Jamestown Canoe Journey Blog 


 

We all met at Jamestown Beach at 6 a.m. That’s when we discovered that for the campers at Sequim High School, it had been a damp night – the school district apparently forgot to turn off the sprinkler timers on the field, and at about midnight the water came on, soaking all of the sleeping campers. They were soon turned off, but what a rude awakening!

The next morning, after receiving permission from Tribal Chair Ron Allen to leave Jamestown, the Laxaynem left the beach at about 6:20 bound for Hollywood Beach, along with canoes from Cowlitz, Squaxin, Muckleshoot and Nisqually.
It turned out to be rough out on the water, so for about 2 miles of the 16 mile trip, the Jamestown canoe was towed by the Whitefeather.

 
Leaving Jamestown Beach


Muckleshoot Canoe leaving Jamestown Beach


Salish Canoe asking permission to come ashore

 
Laxaynem arriving at Hollywood Beach
 

Meanwhile, ground crew made it to Elwha and set up camp. It took us about an hour and fifteen minutes to set up 9 tents and our kitchen canopy, and turn around to get back to the beach in time to watch the canoes coming in.

When they arrived at about 1:30, Paul Bowlby told us about the huge elephant seal they had seen on the end of the Dungeness Spit. One canoe reported that another elephant seal had tried to bite their canoe! The Lower Elwha Klallam greeted the canoes with song and dance, as well as water and sandwiches, and shuttled people back to camp.

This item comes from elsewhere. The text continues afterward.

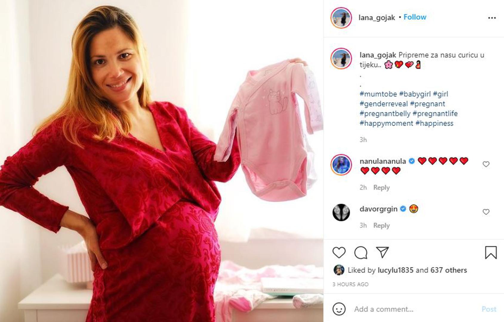 "Pripreme za našu curicu u tijeku", napisala je Lana uz fotografiju ružičastog bodija za bebu.

We returned to camp and several of the pullers took naps before the 5 p.m. dinner. The Lower Elwha did a fabulous job feeding us all – salmon, halibut, elk and bear meatloaf, venison stew, fry bread and salad, plus lots of different desserts. The singing and dancing went on until after midnight.

At our evening talking circle, Marlin advised us that all of the canoes will be leaving Hollywood Beach by 6 a.m. on Friday, bound for Songhees. The Coast Guard has requested that we travel together, and they will go with us to the border. We agreed to pack up as much gear Thursday night as possible, and to get up at 3 a.m. so that we can have everything packed and get a hot breakfast before we leave for the beach at 4:30 a.m. But we still have tomorrow to get it all together. Some members of the Songhees Tribe will be here Thursday night to travel back with us, so that we find our way into the right bay, west of Victoria.

I learned about two traditions that are followed at Tribal celebrations like this one:

1) If you lose something and someone finds it, in order to get it back, you have to dance. One little girl lost her cell phone, and she danced for about 20 minutes at the evening protocol before it was returned to her.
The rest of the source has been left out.